A company that requires using a phone number prides itself in security?
Comment on Signal downplays encryption key flaw, fixes it after X drama
dinckelman@lemmy.world 4 months ago
timewarp@lemmy.world 4 months ago
eager_eagle@lemmy.world 4 months ago
privacy != anonymity != security
victorz@lemmy.world 4 months ago
But in some way, privacy ≈ security. Very intertwined.
sudneo@lemm.ee 4 months ago
Privacy is not anonimity though. Privacy simply means that private data is not disclosed or used to parties and for purposes that the data owner doesn’t explicitly allow. Often not collecting data is a way to ensure no misuse (and no compromise, hence security), but it’s not necessarily always the case.

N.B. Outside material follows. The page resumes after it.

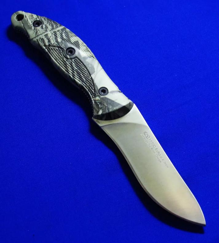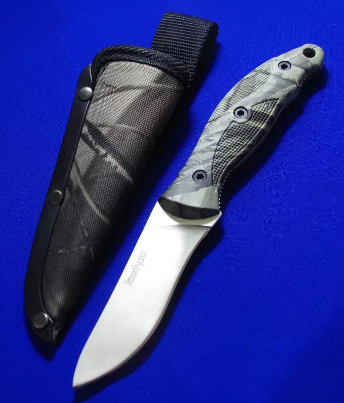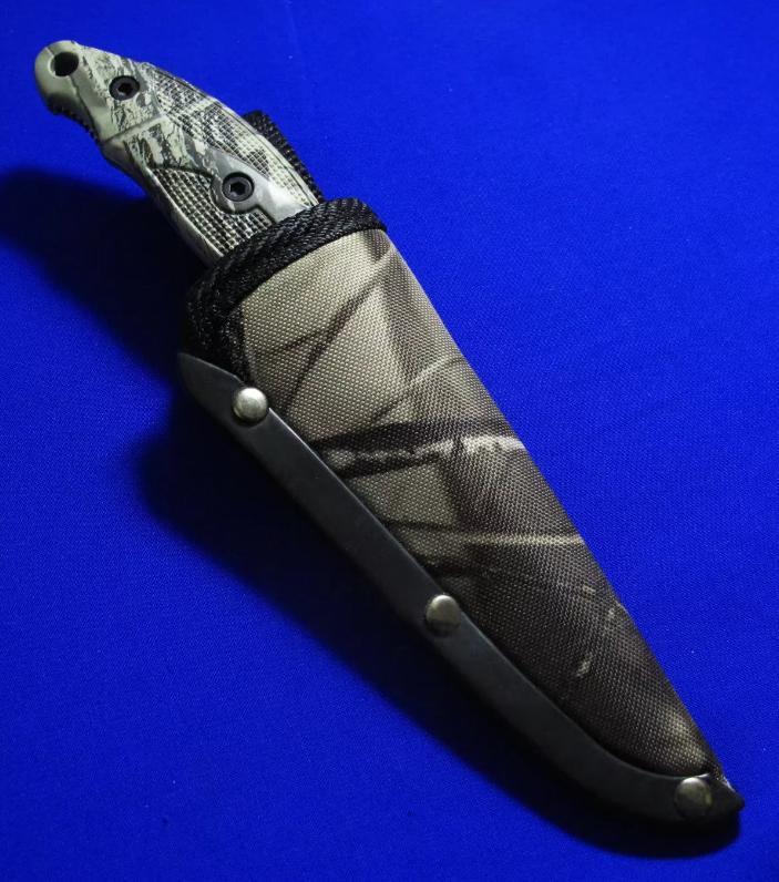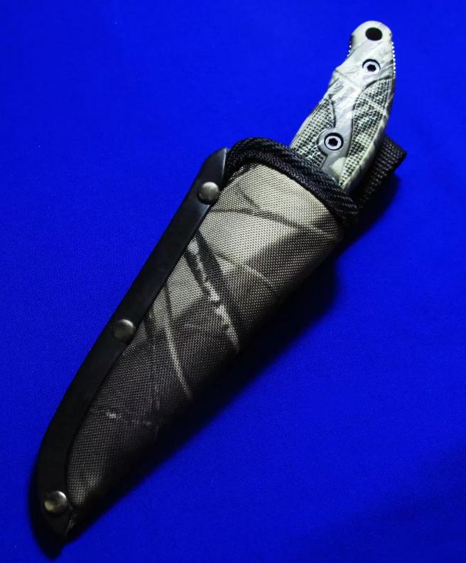 盒子压得变形,刀和鞘没问题。 全长:21.9cm。 刃厚:3.5mm。 刃材:8CR13MOV。 硬度:58-60。 柄材:Zytel。 鞘材:Nylon(内置K胆)。 产地:中国 代工。

9tr6gyp3@lemmy.world 4 months ago
Whats the vulnerability with Signal and phone numbers?
wildbus8979@sh.itjust.works 4 months ago
It’s better now, but for years and years all they used for contact discovery was simple hashing… problem is the dataset is very small, and it was easy to generate a rainbow table of all the phone number hashes in a matter of hours. Then anyone with access to the hosts (either hackers, or the US state via AWS collaboration) had access to the entire social graph.

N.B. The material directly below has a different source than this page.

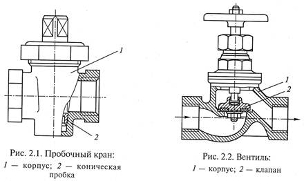 Для полного или частичного перекрытия трубопровода с целью регулирования количества протекающей среды они снабжены затворно-регулирующей арматурой, к которой относятся краны, вентили и задвижки. Кран (рис. 2.1) состоит из корпуса 1, в котором вращается коническая пробка 2 со сквозным отверстием. Краны имеют простое устройство, низкое гидравлическое сопротивление, однако большая поверхность трения может привести к их заеданию, потери герметичности. Их изготавливают из чугуна, керамики, бронзы, пластмасс, стекла, применяют для трубопроводов небольшого диаметра при температурах до 100°С и давлении до 0,1 МПа, когда не требуется точного регулирования, так как небольшой поворот пробки вызывает значительное изменение площади проходного сечения крана. Вентиль (рис. 2.2) используется практически для тех же условий, что и кран, и представляет собой корпус 1 с отверстием, над которым расположен клапан 2, совершающий возвратно-поступательное движение. При закрытии вентиля клапан плотно прилегает к отверстию, при открывании – отходит, образуя канал для прохода среды. Вентили имеют больший, чем краны, вес, более сложное устройство и более высокое гидравлическое сопротивление. В то же время они более надежны, и точность регулирования расхода у них выше. Задвижка (рис. 2.3) включает корпус 1 и затвор 2, имеющий форму клина (или выполненный из двух распираемых клином дисков), движущийся перпендикулярно направлению движения жидкости в корпусе задвижки, изменяя сечение прохода. Задвижки обладают малым гидравлическим сопротивлением, просты в эксплуатации, устанавливаются на трубопроводы с диаметром до 1,5 м при давлениях до 10 МПа, однако громоздки и дороги. Классификация гидравлических машин Движущей силой, обеспечивающей перемещение жидкостей, является перепад давлений, создаваемый специальными гидравлическими машинами, которые можно разделить на четыре большие группы: · динамические (центробежные, осевые, вихревые и др.), в которых механическая энергия вращающихся лопаток воздействует на незамкнутый объем жидкости, перемещаемый от входа в насос до выхода из него; · объемные (поршневые, пластинчатые, шестеренные, винтовые и др.), в которых жидкость периодически всасывается и вытесняется из замкнутого объема твердыми телами; · струйные (эжекторы, инжекторы), в которых движение потока жидкости создается струями газа (пара), воды; · пневматические (эрлифты*, газлифты, пневматические подъемники (монтежю) и др.), движение жидкости в которых создается давлением газа. К основным параметрам, характеризующим работу гидравлических машин относятся: · подача – количество среды, перемещаемое машиной в единицу времени. Различают объемную подачу (Q, м3/с) и массовую подачу (G = ρ* Q, кг/с);

9tr6gyp3@lemmy.world 4 months ago
Yeah the way I remember it, they put a lot of effort into masking that social graph. That was a while back too, not recent.
unexposedhazard@discuss.tchncs.de 4 months ago
It wasnt a serious security flaw, arguable not one at all. So they are perfectly justified in downplaying the hysteria.
spiderman@ani.social 4 months ago
the point is they could have fixed it by the time it was reported and not waited around until the issue was blown bigger.
sudneo@lemm.ee 4 months ago
A security company should prioritize investments (I.e. development time) depending on a threat model and risk management, not based on what random people think.
spiderman@ani.social 4 months ago
so you are saying that wasn’t a security risk?